Dernier principe: diminuer le plus possible les interventions mécaniques dans les
parcelles. «Le travail du sol libère immédiatement du CO2 dans l’atmosphère et met en danger la matière organique, résume Nicolas Courtois. Or c’est elle qui permet de structurer la terre. Il faut donc à tout prix la préserver.» On cherche donc le meilleur compromis pour le travailler sans trop le brasser. «Le semis direct est approprié sur des terrains légers, où le taux de matière organique est déjà élevé. Mais il faut adapter ses pratiques», souligne encore l’agronome. Ainsi, dans les terres lourdes, riches en argile, le fissurateur s’avère la solution idéale, puisqu’il les décompacte et fait de la place aux racines.
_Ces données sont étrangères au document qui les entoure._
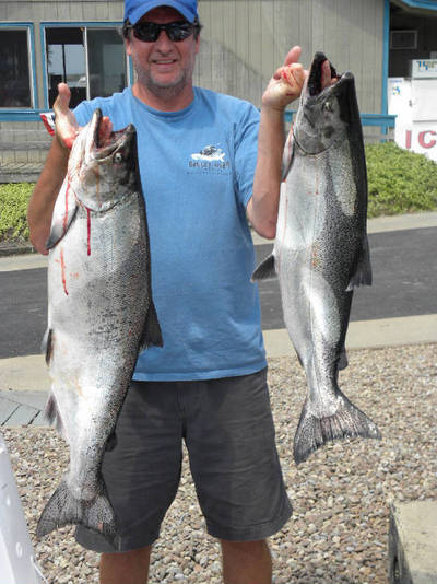 We found all year classes of Kings. The biggest King tipped the scale at 20lbs. We did a few really nice Steelhead with the biggest being about 11lbs. We did a few more Atlantic Salmon today, and one tipped the scale at 9lbs. Just a fun day for a father and son out on Lake Ontario. Check out some pictures.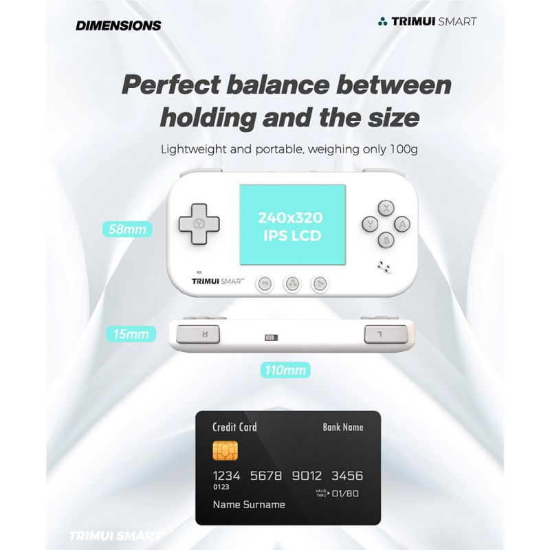 - TRIMUI SMART features a built-in high-performance processor and a 2.4-inch screen to present a colorful, and sleek look. And it adopts TRIM-U platform which supports domain network battle, WIFI hotspot-mode battle, Bluetooth headset and much more functions, with up to 15,000 games of varied platforms. Based on its built-in software platform, you can continuously upgrade the package to unlock more powerful features.

+ D’infos Réussir son passage à l’agriculture de conservation et piéger du carbone: cours donné le 28.01.2021 par Nicolas Courtois – www.prometerre.ch/formationswww.no-till.chwww.agriculture-de-conservation.com

Texte(s): Claire Muller
Photo(s): Claire Muller

Genève pionnière

Définie par la FAO comme un système cultural propre à empêcher la perte de terres arables tout en régénérant les sols dégradés, l’agriculture de conservation a particulièrement essaimé parmi les agriculteurs genevois. «Ils ont arrêté de labourer dans les années 2000, d’abord pour des raisons organisationnelles et économiques, raconte Nicolas Courtois. La disparition de l’élevage sur le canton a ensuite amené les producteurs à se pencher sur les couverts végétaux. Et désormais, on estime qu’un sixième de la SAU genevoise, soit 1000 hectares, est cultivé en semis direct.»

Questions à...

Pascal Boivin, docteur en sciences du sol à l’HEPIA, à Genève.

En quoi l’agriculture de conservation permet-elle un piégeage efficace du carbone dans les sols?
Le carbone organique est le principal constituant des matières organiques du sol. Il y a ainsi deux fois plus de carbone dans l’humus que dans l’atmosphère! Or, en cherchant à maximiser le couvert végétal, à le rendre aussi permanent que possible et à renoncer au labour, l’agriculture de conservation permet d’augmenter la quantité d’humus. Sur l’arc lémanique, un tiers des surfaces en grandes cultures pratiquent actuellement ce modèle et affichent des taux de séquestration du carbone supérieurs à 15 pour mille.

À quand une rémunération des paysans qui ont adopté des pratiques permettant de piéger le carbone?
Techniquement, tout est prêt. Nous sommes en train de mettre au point une méthode d’échantillonnage des sols agricoles indiquant leur stock effectif de carbone, plutôt que de simples teneurs. Mais il manque encore malheureusement une volonté politique et financière claire pour susciter un changement dans les réglementations.